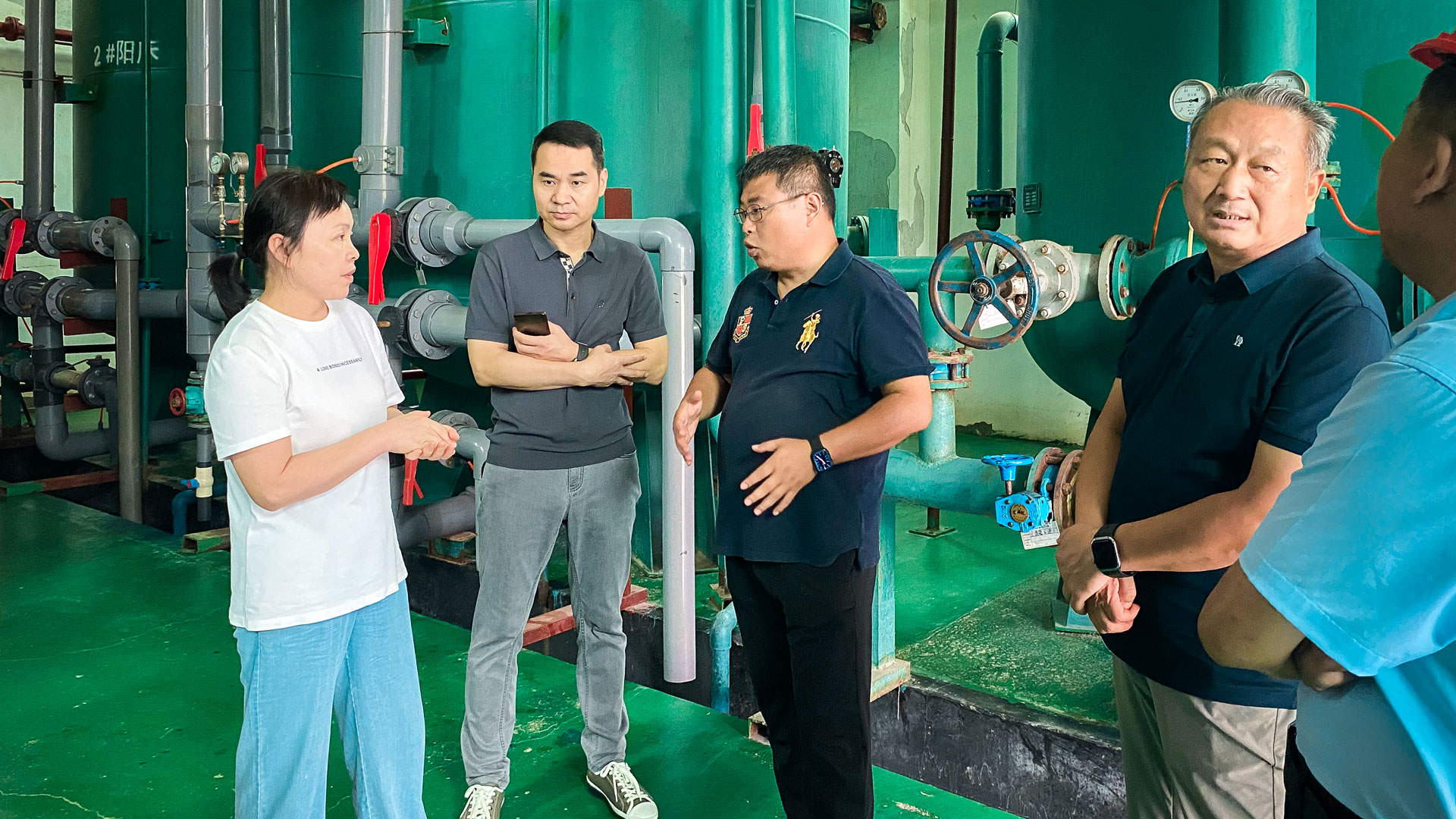 考察團一行首先深入振德生物質熱電廠制水車間,實地參觀制水設備運行狀態、生產負荷調控流程等環節,詳細向對方技術人員了解當前制水產能、工藝參數設置及日常運維重點。在隨后的交流座談中,雙方結合各自實際生產場景,圍繞 “提高制水率、減少制水耗材損耗、降低單位制水成本” 三大核心議題展開深入探討 —— 振德生物質熱電廠分享了其在耗材管控、工藝優化等方面的實操方法,考察團則針對自身水處理環節的現存疑問與對方交流解決方案,現場互動務實高效。
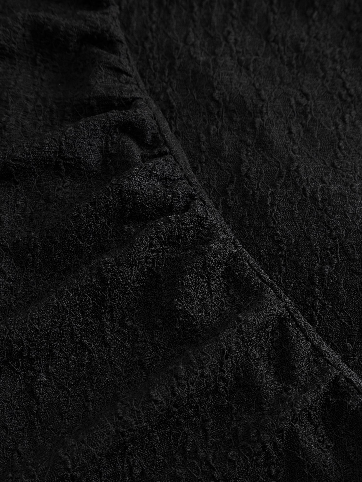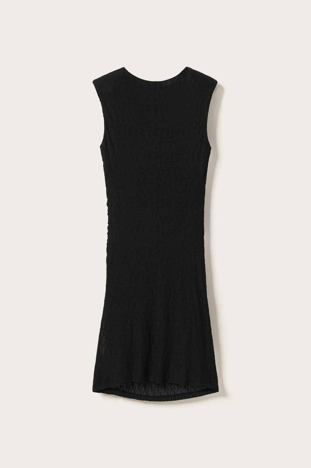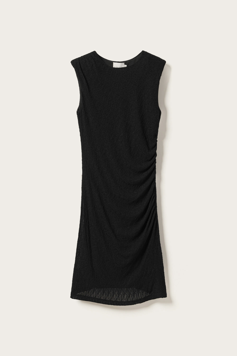 Lachina Dress is a short, sleeveless dress crafted in delicate lace with subtle ruching at the shoulders and side seams. Its tailored silhouette gently skims the body, creating a feminine shape. Pair with boots for a modern, edgy vibe or heels for a classic, elegant look.
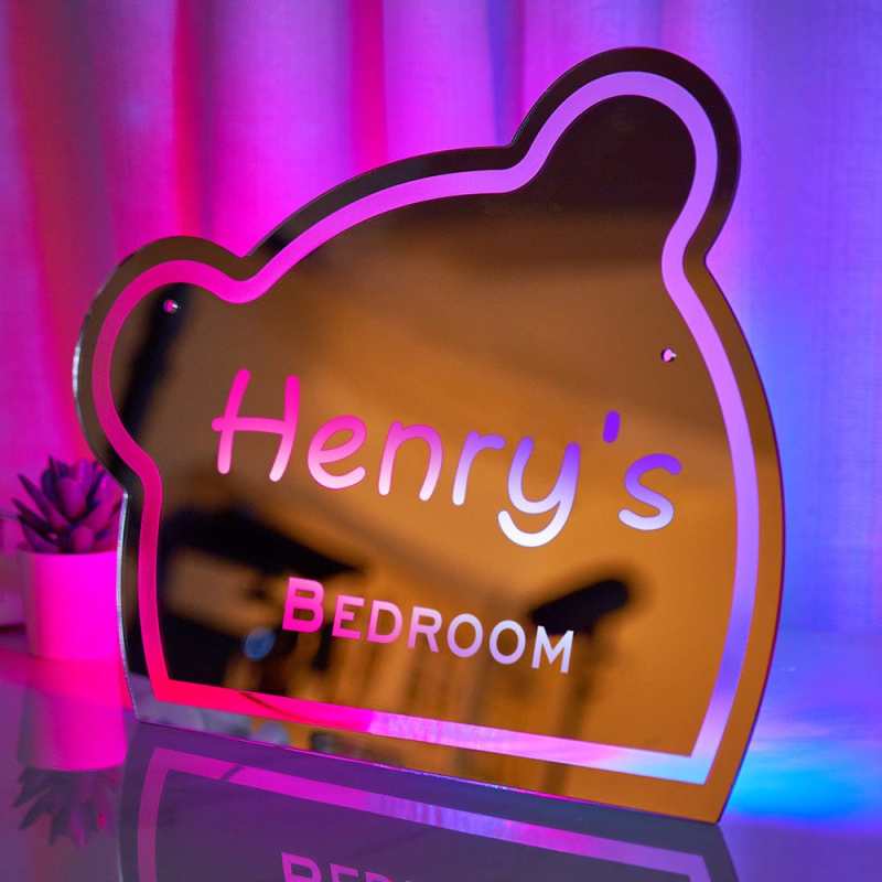 Custom Name Mirror Light Funny Children's Bedroom Bear Gift
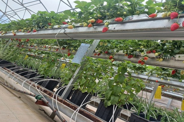 Een belangrijk onderdeel van de proeven op Claros Farm was de strategische plaatsing van aromatische planten onder de teeltgoten en langs de kasranden.
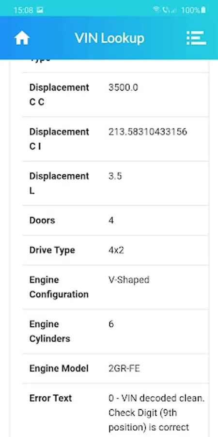 All you have to do is enter the VIN series of the vehicle. Then wait until the data is ready and displayed. The application is still in development, some VINs may not be decoded.
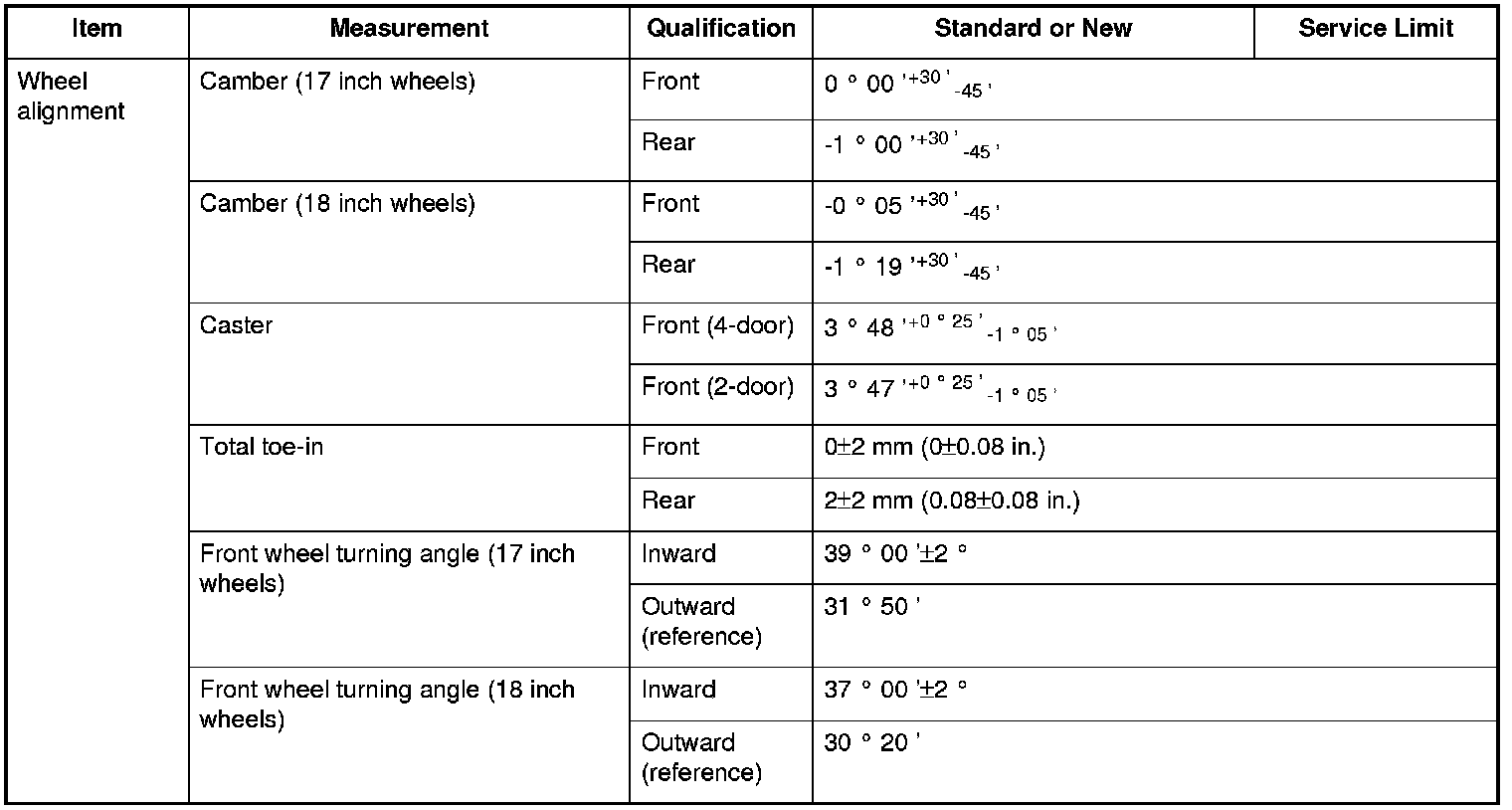 Wheel alignment Specifications
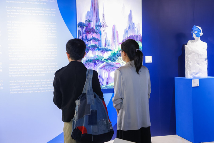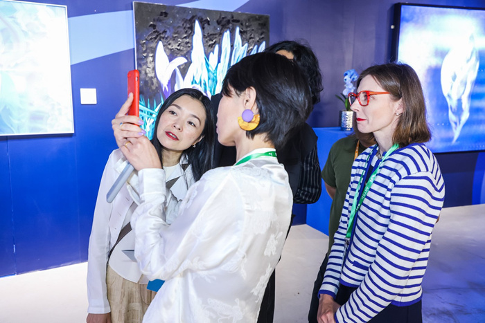 費德洛娃強調,科技在她眼中不是與自然對立的冷峻力量,而是可以被溫柔馴化的感知媒介,一種重新建立聯系的橋梁。論壇結束后,兩位藝術家也共同走進《蛹變》的展覽現場,在作品前繼續交流對自然、技術與女性創作身份的理解與反思,展現出藝術實踐作為思想對話平臺的開放性與多元性。
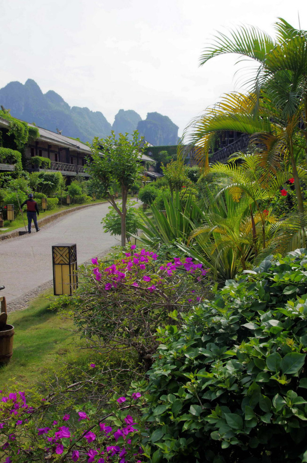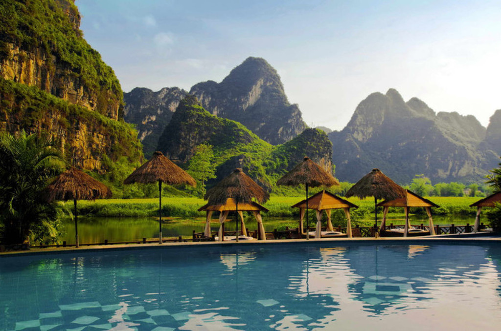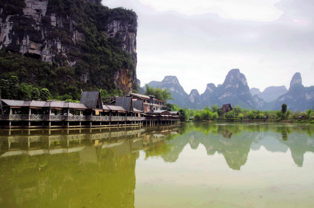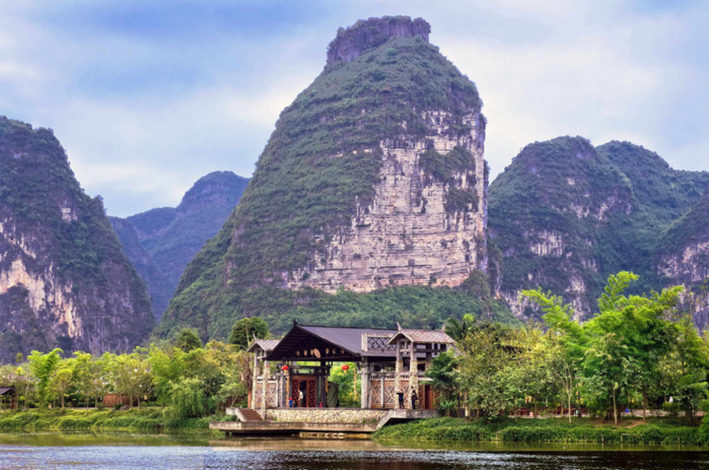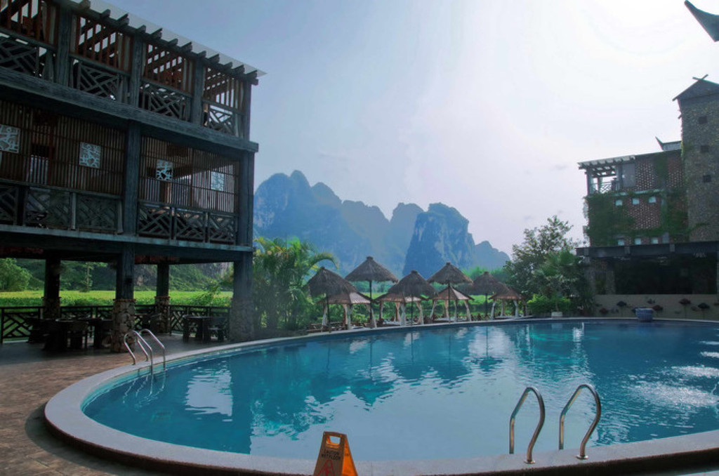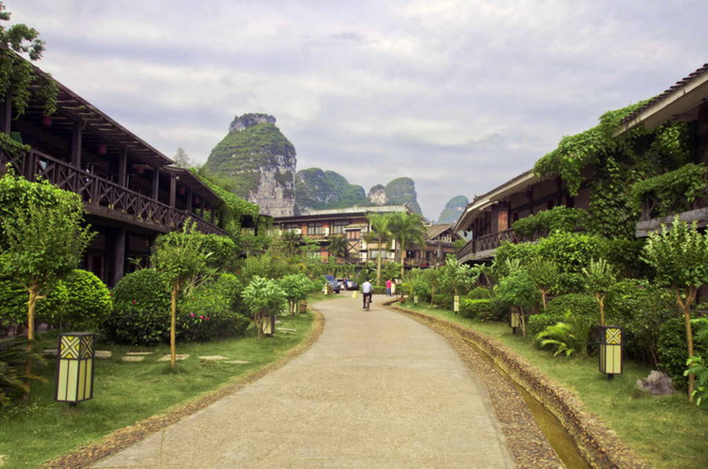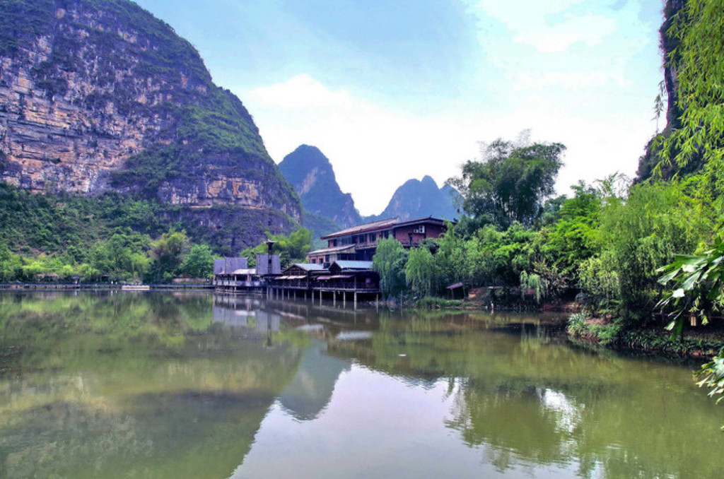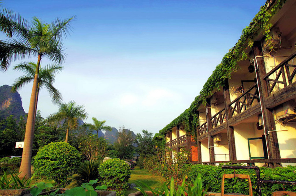 明仕山庄于风光如画的明仕河边,酒店装修融入壮族民族特色,。壮族民居特色的建筑点缀在清淡雅的山水之间,

WORK ORDER -
Omit the pictures and write out exactly the lines from the one containing "Lachina Dress is" through the last line of the material.

RESULT FOR THIS TASK -
 Lachina Dress is a short, sleeveless dress crafted in delicate lace with subtle ruching at the shoulders and side seams. Its tailored silhouette gently skims the body, creating a feminine shape. Pair with boots for a modern, edgy vibe or heels for a classic, elegant look.
 Custom Name Mirror Light Funny Children's Bedroom Bear Gift
 Een belangrijk onderdeel van de proeven op Claros Farm was de strategische plaatsing van aromatische planten onder de teeltgoten en langs de kasranden.
 All you have to do is enter the VIN series of the vehicle. Then wait until the data is ready and displayed. The application is still in development, some VINs may not be decoded.
 Wheel alignment Specifications
 費德洛娃強調,科技在她眼中不是與自然對立的冷峻力量,而是可以被溫柔馴化的感知媒介,一種重新建立聯系的橋梁。論壇結束后,兩位藝術家也共同走進《蛹變》的展覽現場,在作品前繼續交流對自然、技術與女性創作身份的理解與反思,展現出藝術實踐作為思想對話平臺的開放性與多元性。
 明仕山庄于风光如画的明仕河边,酒店装修融入壮族民族特色,。壮族民居特色的建筑点缀在清淡雅的山水之间,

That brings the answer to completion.